Photographes animaliers

MILLET-DELPECH Emmanuel

Né en 1996, j'ai grandi au cœur du Parc National des Cévennes, un décor à l'état brut entre massifs granitiques et vieilles forêts de hêtres. Très vite attiré par le côté artistique de la nature, j'ai commencé à capter en image les instants éphémères s'offrant à moi, en m'immergeant dans l'intimité des animaux sauvages, les uns marchant, les autres volant.

Fasciné par le monde vivant des climats froids, des Cévennes aux Alpes, ou encore de la France à la Scandinavie, je pars trouver l'inspiration dans les grands espaces reculés de l'Europe.

À travers mon travail, je cherche à montrer la beauté qui m'entoure, ses mystères et sa force. Ma démarche consiste à réaliser des images simples et authentiques, à intégrer le sujet choisi dans son environnement, quitte à le suggérer, pour mieux représenter cette unité qu'est la nature.

INTERVIEW

Votre rapport avec la faune

Quel parcours jusqu'à l'animal sauvage et la photographie ? Très tôt captivé par le monde qui nous entoure, j’ai commencé par prendre en photo tout animal que je voyais à côté de la maison.

Dès lors, cette passion ne m’a jamais quitté. Je me suis ensuite orienté vers des études de biologie et d’écologie dans le but de pouvoir travailler sur mon terrain de jeu habituel, mais avant tout pour étudier et protéger tout ce qui est vivant.

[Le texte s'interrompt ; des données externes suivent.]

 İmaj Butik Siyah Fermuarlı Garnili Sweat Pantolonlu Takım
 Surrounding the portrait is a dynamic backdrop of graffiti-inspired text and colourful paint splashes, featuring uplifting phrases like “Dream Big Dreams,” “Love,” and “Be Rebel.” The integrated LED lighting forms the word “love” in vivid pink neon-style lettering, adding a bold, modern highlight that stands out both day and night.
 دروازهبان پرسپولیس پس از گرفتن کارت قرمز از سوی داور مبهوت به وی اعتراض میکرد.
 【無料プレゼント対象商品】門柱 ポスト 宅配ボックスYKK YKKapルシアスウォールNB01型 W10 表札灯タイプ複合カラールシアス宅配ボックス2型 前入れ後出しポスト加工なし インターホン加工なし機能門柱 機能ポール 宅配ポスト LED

Un maître à penser ?  Etant très attiré par le côté artistique de la photographie, les images de Vincent Munier m’inspirent beaucoup pour la poésie qu’elles dégagent.

J’admire également le travail de Michel d’Oultremont, Jérémie Villet, Marco Ronconi ou encore Martin Dellicour pour n’en citer que quelques-uns.

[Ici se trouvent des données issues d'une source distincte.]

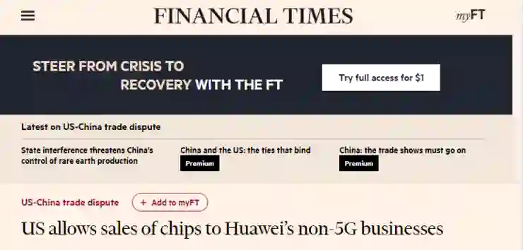 10 月 29 日,据金融时报报道,美国官方已经改口,只要不将芯片用于华为 5G 业务,将允许越来越多的芯片公司向华为提供组件。该报道援引一位参与其中的半导体企业高管话语称,“美国商务部在最近的谈话中一直告诉企业,尽管对华为的供应许可证是以拒绝为目的,但如果你可以证明你的技术不支持 5G,这一点可以被克服。”
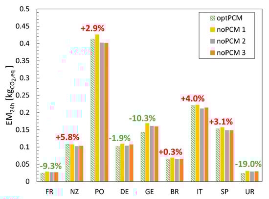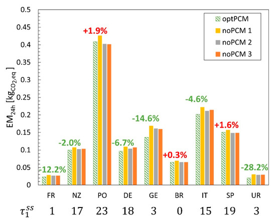 It can be noticed that a carbon emission reduction can be achieved for some representative cases, from −1.9% (Germany, GE) to −19.0% (Uruguay, UR). However, five of the nine representative cases are not positively affected by the optimization process. Despite the optimization of hysteresis scheduling, the introduction of PCM increases from +0.3% (Brazil, BR) to +5.8% (New Zealand, NZ) of the daily carbon emission. A noticeable improvement of the environmental performance of the cabinet refrigerator with PCM is achieved varying the initial condition of the optimization problem, i.e., the initial starting time of the compressor. The effect of the initial condition variation was analyzed, repeating the optimization procedure for each possible initial starting time within the time horizon. The results of the second optimization phase are shown in Figure 6.
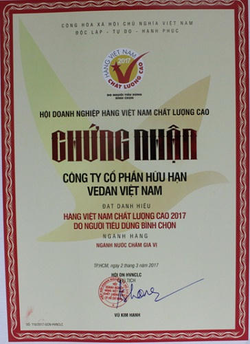 (PLO) - Ngày 2/3/2017, tại TP.Hồ Chí Minh, Hội Doanh nghiệp Hàng Việt Nam Chất lượng cao (HVNCLC) đã tổ chức Lễ công bố và trao chứng nhận cho 592 doanh nghiệp chính thức đạt Nhãn hiệu chứng nhận HVNCLC 2017. Công ty CP Hữu hạn Vedan Việt Nam với ngành hàng các sản phẩm gia vị (bột ngọt và hạt nêm Vedan) tiếp tục được người tiêu dùng tin yêu bình chọn là HVNCLC năm nay.
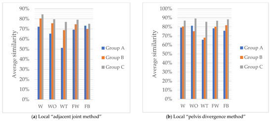 The similarity scores of each action obtained by the local “adjacent joint method” and “pelvis divergence method” recognition models are averaged, and the results are shown in Figure 13. Comparing and analyzing the recognition results of the local “pelvis divergence method” and the local “adjacent joint method”, only the similarity of single-arm and double-arm calls for help in group B decreased slightly, by 0.4% and 0.9%, respectively. The similarity of other actions has been significantly improved. The most improved similarity is the single-arm call for help in group A, which has increased by 15.9%. It is confirmed that the “adjacent joint method” is easily affected by factors such as the different body shapes of the action objects and the body offset during the recognition process, thereby reducing the similarity of the recognition results. Therefore, the “pelvis divergence method” can obtain higher similarity.
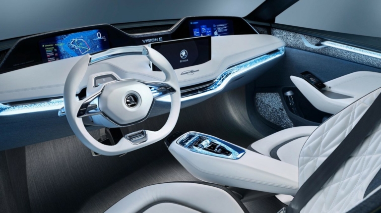 Два электромотора (по одному на ось) суммарно развивают 306 л. с. и разгоняют электрокар Skoda Vision E до 180 км/ч. Запас хода электромобиля составляет 500 км.
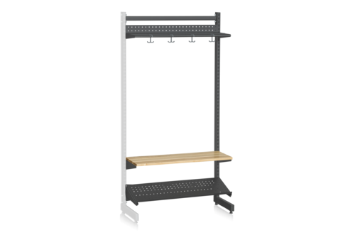 L-stativ (tilläggssektion) till vårt golvstående förvaringssystem. Byggs ihop med bassektion. Komplettera med fler sektioner, olika typer av hyllplan, perforerade paneler och krokar för att skapa en funktionell förvaringslösning för alla typer av miljöer, exempelvis kapprum.
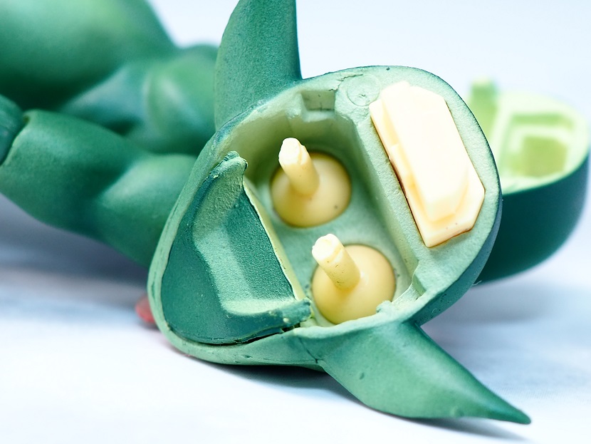 顔の前面パーツを取り外し、目の裏側にある軸を動かすことでゴブリンくんの目線を変えることが可能。
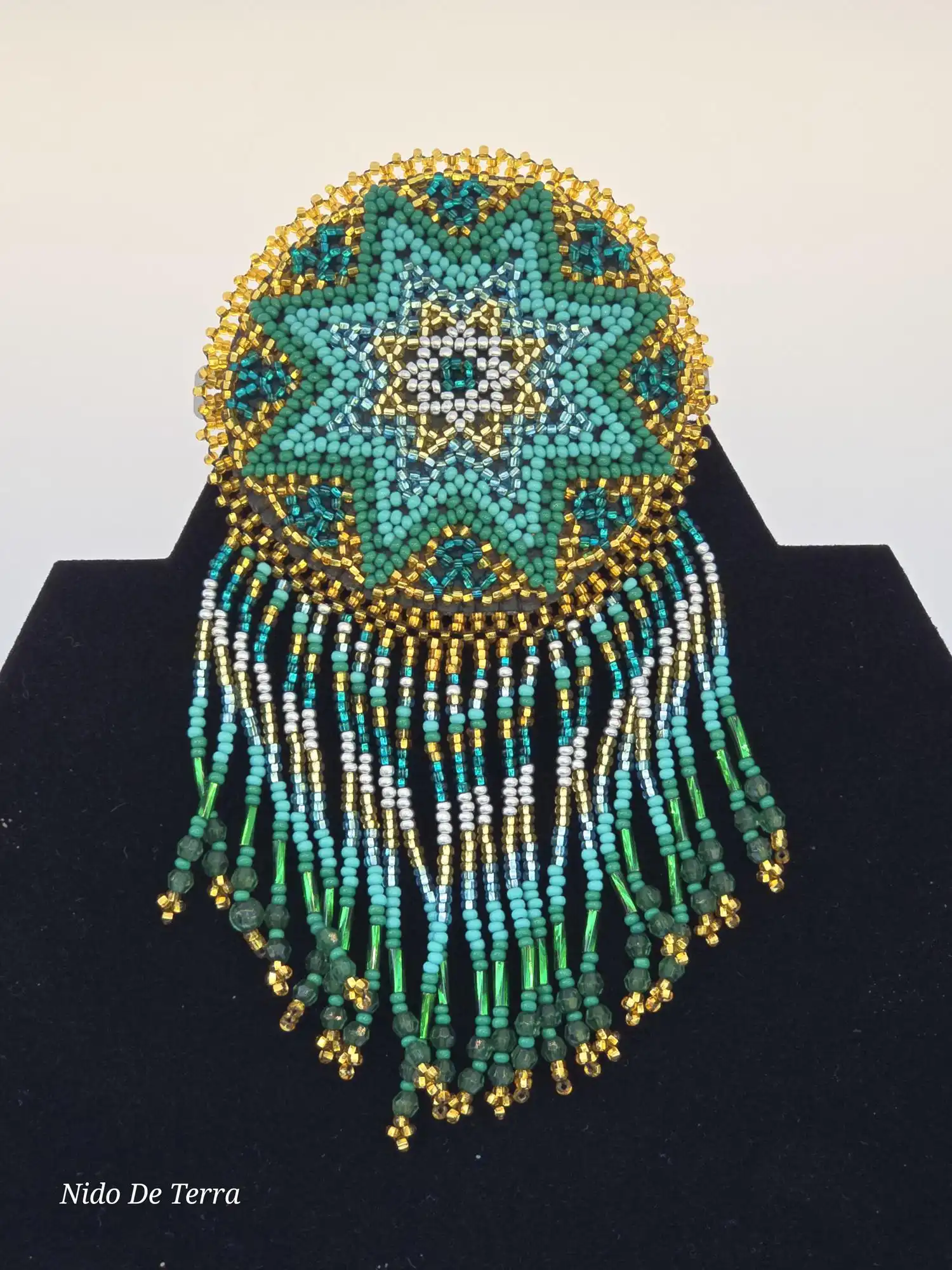 Una elegante cascada de flecos cuelga de la base, utilizando una mezcla de chaquira en tonos turquesa, verde, blanco y dorado. Los flecos terminan con grupos de cuentas más grandes en verde y pequeños toques dorados que aseguran un movimiento fluido.
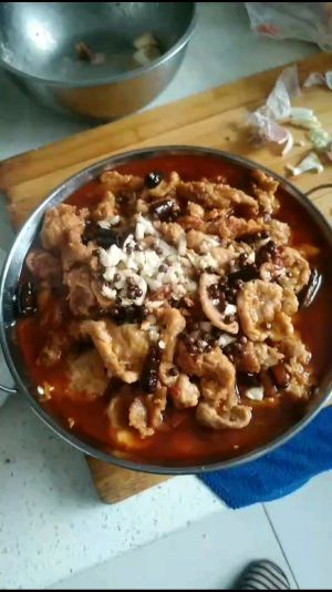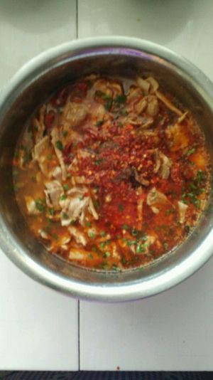 锅里放油小火倒下豆瓣姜蒜小米辣干辣椒花椒大葱炒香加上适量都水,烧开倒点酱油加点味精,其实现在放点花椒面在汤里要入味点, 尝一下汤都盐喂合适不。合适就放下肉片煮2到3分钟。起锅倒在白菜上面。
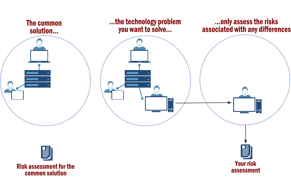 In this approach, the organisation applies the security provided by common security solutions to solve common technology problems. It only carries out tailored risk assessments (or specifies additional security controls) for those business objectives that are not entirely covered by the common solution.
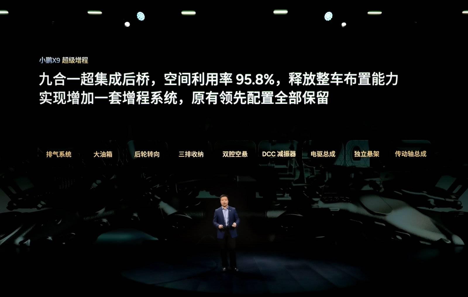 小鵬爲此研發了一套名爲「鯤鵬超級集成架構」的工程方案。其後橋採用全球首創的「9 合 1」設計,將增程器排氣系統、60L 油箱、主動式後輪轉向、第三排 4/6 分獨立電動座椅收納機構、雙腔空氣懸架、智能可變阻尼減振器、同軸電驅總成、H 臂多連桿獨立懸架以及傳動軸等九大功能模塊,高度集成於同一緊湊區域,整體空間利用率達 95.8%,在保障性能的同時,最大限度釋放了乘員艙與行李空間。
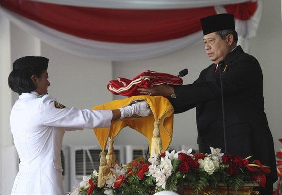 印尼太炎热 女兵阅兵时体力不支(1)(3)
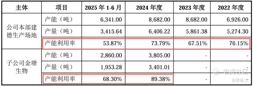 2022年到2025年上半年,公司本部的产能利用率分别为76.15%、67.51%、73.79%和53.87%,整体呈现走低的趋势。子公司金塘生物的产能利用率也已经降至68.30%。在当前产能尚未得到充分消化的情况下,格林生物却仍计划募集资金4.2亿元投入年产6300吨高级香料生产项目,新增全合成系列和松节油系列产品产能。

Une œuvre marquante ?  J’ai eu un véritable coup de foudre pour la photographie animalière à l’âge de 11 ans.

Lors de mes toutes premières sorties nature avec un guide du village sur les plateaux du Mont Lozère, nous étions allés écouter le brame du cerf pendant tout un week-end.

Le soir, dans la cabane où nous allions passer la nuit, qui était en fait le four (en pierre granitique) d’un hameau traditionnel, un photographe animalier vient nous rendre visite et nous montre ses photos de la journée.

J’ai voulu vivre ces moments aussi intenses en l’entendant nous raconter et nous montrer ce qu’il avait vu, cette proximité avec le monde sauvage.

Une belle rencontre / émotion avec la faune ? Alors que je guettais l’arrivée des bouquetins au milieu d’une tempête hivernale, une meute de 9 loups vient percer le rideau blanc du brouillard.

Ils passent à quelques centaines de mètres en-dessous de moi jusqu’à disparaître de la même façon qu’ils sont arrivés.  Pendant quelques minutes l’émotion est à son comble. Ils courent, se traquent et jouent entre eux, s’arrêtent pour vérifier que la voie est libre, s’enfoncent dans la neige profonde.

Merci les loups !

Si j'étais un animal sauvage ? Sans nul doute un loup, pour le coté sauvage et libre qu’il incarne, peuplant des grands territoires et pour son mode de vie, solitaire et social à la fois.

Les oiseaux me fascinent aussi car ils sont libres comme l’air, sans aucune frontière.

Un animal disparu qui reviendrait ? Le mammouth laineux, si emblématique de l’âge glaciaire.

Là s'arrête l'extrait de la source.